It does make me wonder how Sup Com did it back in the day I mean this looks great and will no doubt be very efficient compared but you could get similar numbers in a sup com game which came out in 2007. 8000 unit max wasnt it?
It was one of if not thie first game to detect Multi core CPU's and then allocate calculations to each core (upto 4)
I'm not entirely sure but i think they used their own higher level extraction layer to achieve that.
Whatever they did its not conventional and it was impressive for the time.
The problem today as it was then is the allocation threading in DX is pretty much fixed, you can allocate AI Calculations to thread 1 and various real time environment entities to thread 2 and 3 and 4 and 5....

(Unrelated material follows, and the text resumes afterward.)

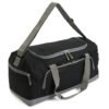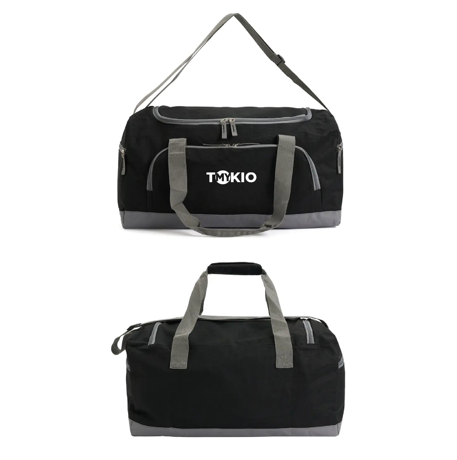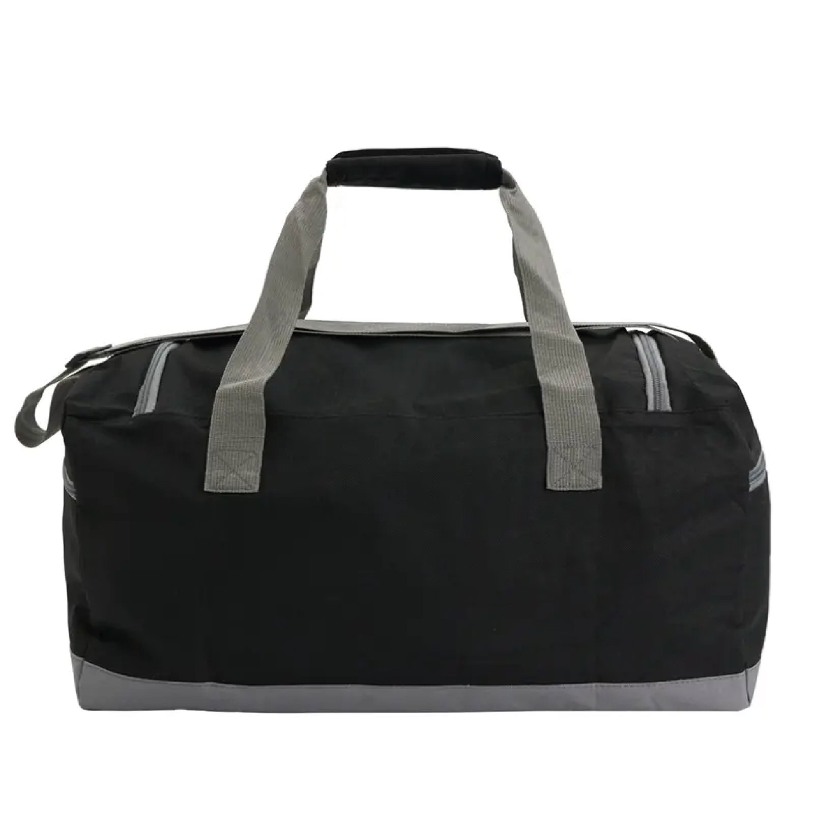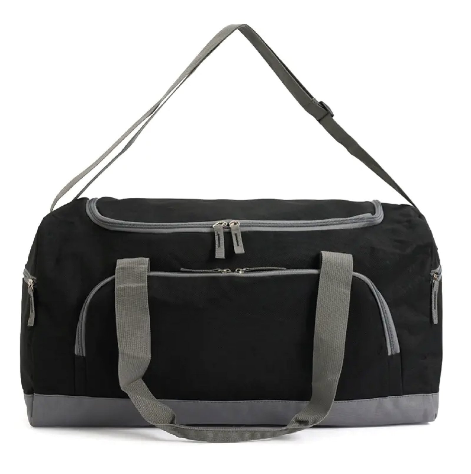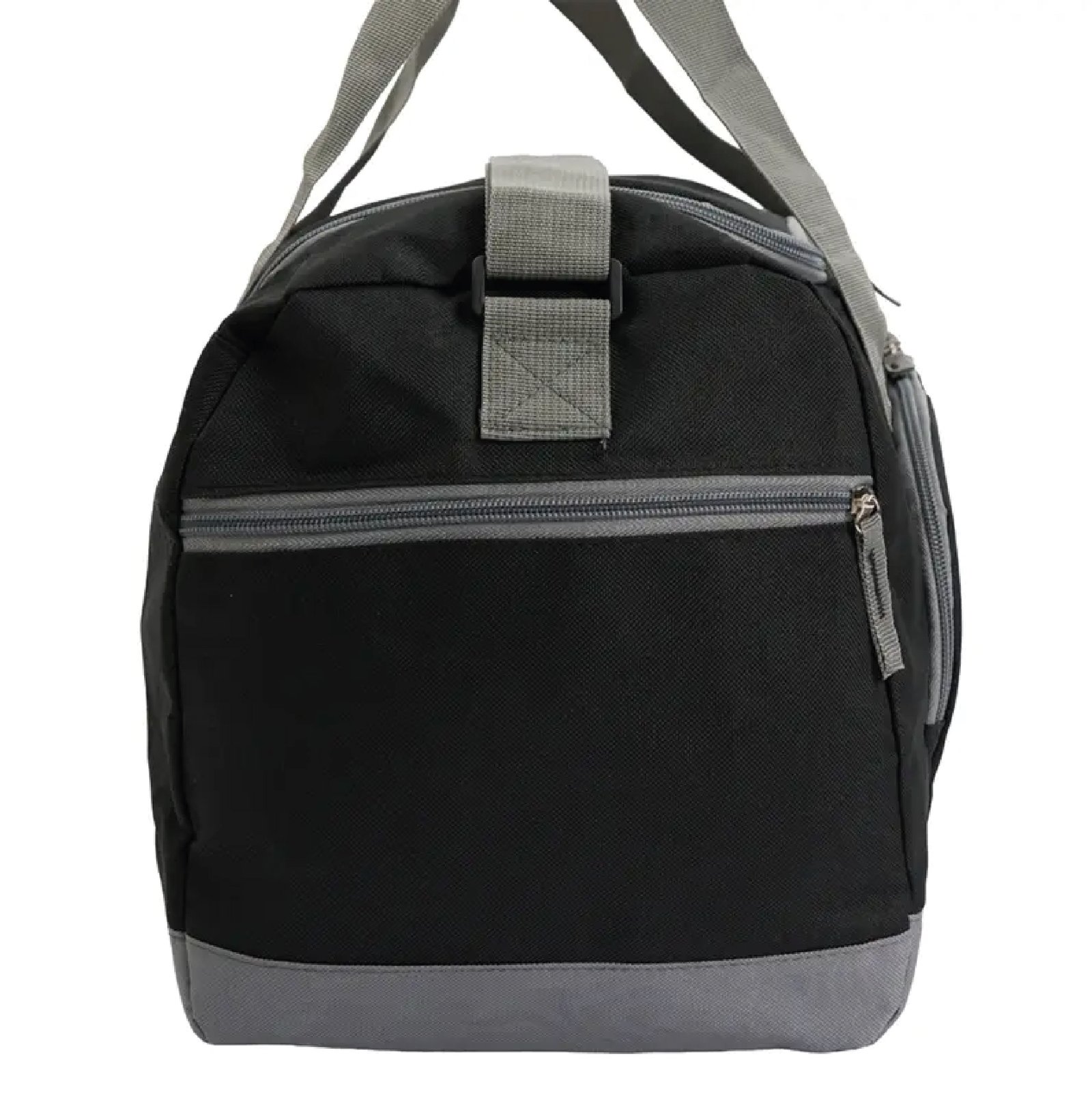 Bolso deportivo con múltiples bolsillos y tiras contrastantes. Confeccionado en tela 600D. Cuenta con compartimiento principal con cierre, bolsillos delanteros y laterales, manijas superiores y correa regulable. Es ideal para entrenamientos, actividades deportivas o escapadas cortas.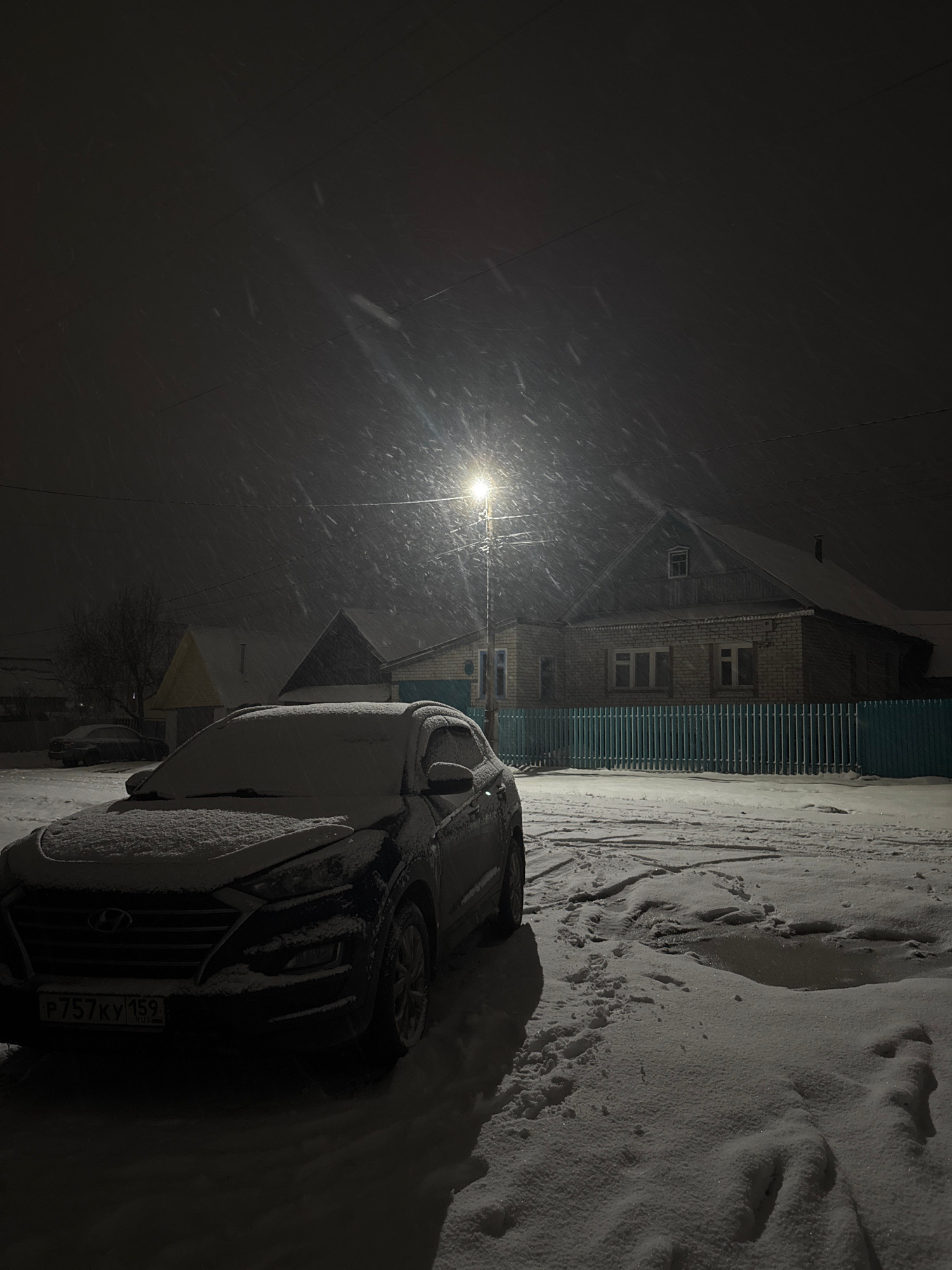 The image shows a snowy street scene at night in the city of Chaikovsky, Russia. A car, partially covered in snow, is parked on the side of the road. In the background, there is a brick building with…read more

If one of those threads starts to pass about 4,000 Draw Calls the hand shake between the CPU thread and GPU starts to get choked up, so it forms a que, which increases latency, if the latency increases then the GPU needs to wait on the CPU, if the GPU needs to wait on the CPU it will have to slow down to allow the CPU to catch up... the end result is your Frame Rates drop.

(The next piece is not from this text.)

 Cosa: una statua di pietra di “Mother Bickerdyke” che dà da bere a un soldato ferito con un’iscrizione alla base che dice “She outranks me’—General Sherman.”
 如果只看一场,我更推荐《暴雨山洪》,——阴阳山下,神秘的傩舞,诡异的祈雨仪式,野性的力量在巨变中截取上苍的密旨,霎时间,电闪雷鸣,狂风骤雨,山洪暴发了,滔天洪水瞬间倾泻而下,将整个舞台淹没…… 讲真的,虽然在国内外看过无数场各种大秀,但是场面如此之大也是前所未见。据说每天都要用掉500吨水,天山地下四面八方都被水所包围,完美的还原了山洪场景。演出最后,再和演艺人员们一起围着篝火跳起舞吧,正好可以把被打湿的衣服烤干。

Threading isn't so much a problem as it is the fact that its fixed, if you have 6.000 Batches on one thread its slowing the system down, the system isn't intelligent enough to move some of those batches to a thread that is only loaded with 800 Batches.
Then there's the extraction layer, the system thats acting as the go between, that system by its self is a massive cause of slowdowns.
Idealy it should be removed entirely so the GPU communicates directly with the CPU "low level"